* The problem *
Return the data below exactly, please, but drop the pictures.

* Supplied material *
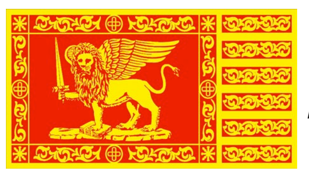
Left: The Lion of St. Mark has two versions - "peaceful" holding an open book inscribed Pax Tibi Marce Evangelista Meus, and the "warlike" version, holding a sword, and the book closed under its paw.
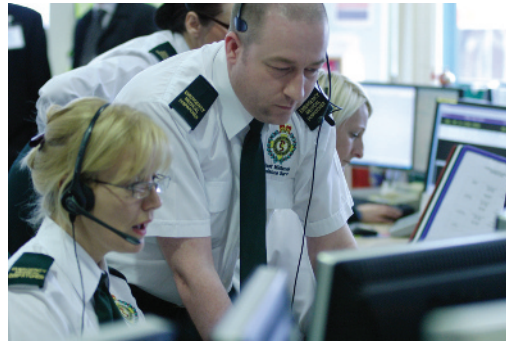
Figure 1.2 Ambulance control centre.
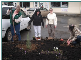
Herb Talk .. folk planted ed-
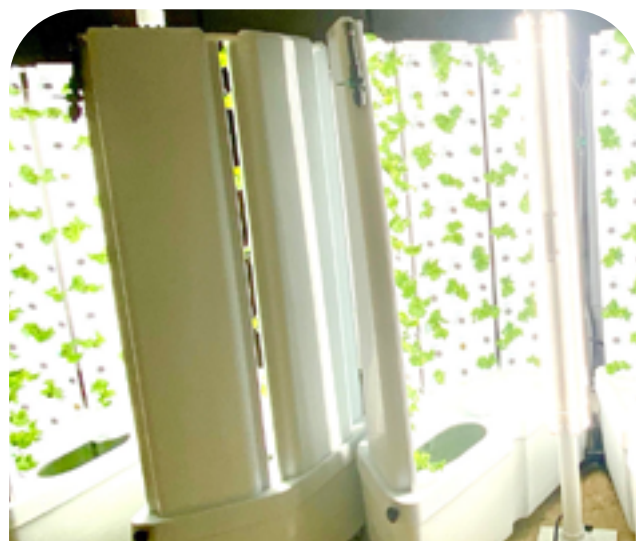
The grow walls close around the LED light tower.

The Green Corridor is an interior hallway with windows looking out over the playgarden outside to the east. Windows along the hall's other side look into the art room. Both children and adult clients will have plenty of opportunities to see where some of the fresh food for their lunches is grown... and to remind them of the daily miracle involved in food production.

* Task solution *
Left: The Lion of St. Mark has two versions - "peaceful" holding an open book inscribed Pax Tibi Marce Evangelista Meus, and the "warlike" version, holding a sword, and the book closed under its paw.
Figure 1.2 Ambulance control centre.
Herb Talk .. folk planted ed-
The grow walls close around the LED light tower.

The Green Corridor is an interior hallway with windows looking out over the playgarden outside to the east. Windows along the hall's other side look into the art room. Both children and adult clients will have plenty of opportunities to see where some of the fresh food for their lunches is grown... and to remind them of the daily miracle involved in food production.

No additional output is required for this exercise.